A 40-year-old male presented to the emergency department with edema.
She has a family history of a mother with renal amyloidosis unrelated.
The report of the mother's renal biopsy reports resistance to permanganate, which seems to rule out AA amyloidosis, and leads us to consider, at the time of diagnosis, the possibility of AL amyloidosis.
The patient did not receive any pharmacological treatment.
Physical examination revealed a blood pressure of 135/75 mmHg and bimale edema without other relevant data.
Laboratory tests confirmed the presence of nephrotic syndrome (serum albumin of 2.5 g/dl, cholesterol of 275 mg/dl and proteinuria of 6 g/24 h), with no changes in the sediment and normal glomerular sclerosis.
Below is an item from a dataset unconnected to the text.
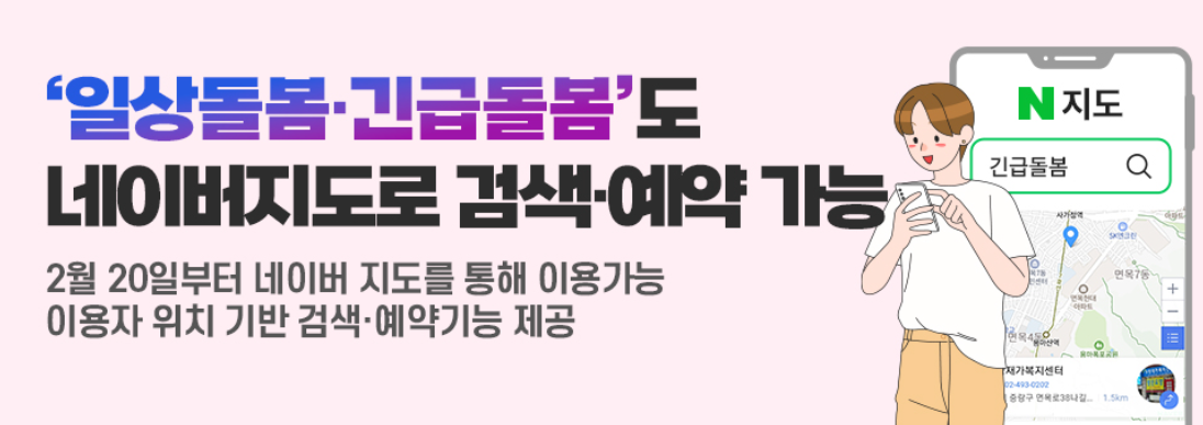이제 내 주변의 사회서비스 바우처 제공기관, 네이버 지도로 검색·예약하세요! 일상돌봄·긴급돌봄 바우처 이용자(약 12,000명)가 바우처를 활용하는 700여 개의 제공기관 정보를 네이버 지도로 검색·선택·예약하는 것이 가능해졌습니다.

Electrophoretic spectrum in blood and urine, immunological study and renal ultrasound are normal.
Biopsy renal outcome shows significant glomeruli with a completely distorted structure due to a hyaline deposit nodular arrangement, with positivity for Congo and timilosis in red vessels; tubules are compatible and not with thymylosis.
The paraffin-embedded sample showed marked positivity for AP protein, which is part of the amyloid substance common in all types of amyloidosis, with negativity for light chains and AA proteins.
Fibrinolysis with antibodies against fibrinogen and lysozyme is performed, resulting in amyloid substance deposits positive for A alpha chain of fibrinogen (Afib).
However, in the genetic study no mutation was found in the Afib chain gene, and a previously undescribed mutation in the apolipoprotein AI gene (apo AI) was demonstrated.
This discrepancy is analyzed by biopsy of the mother, which contains glomerular deposit in the cortex and massive deposit at the medullary level.
Medullary deposit is not described in amyloidosis Afib, being very characteristic of apo AI.
We conclude that the first results of immunohistochemistry are unreliable because it has not been done under appropriate conditions, and the presence of apoA-I was confirmed by the same technique.
An extension study was performed with echocardiography and electromyography, with no evidence of cardiac involvement or autonomic neuropathy.
A progressive increase in transaminase levels suggestive of liver involvement was detected.
These results are consistent with this type of familial amyloidosis, with preferential renal and hepatic involvement.
Despite initial normality, renal function deteriorates progressively until renal replacement therapy is required within 2 years.
The patient was treated with peritoneal dialysis for 4 years, until surgery was performed with renal transplantation from a cadaver donor.
It presents a complicated post-operative period with splenic rupture, in the context of the disease, with amyloid deposits in the spleen, requiring urgent resection.
Finally, the patient is discharged in a stable situation.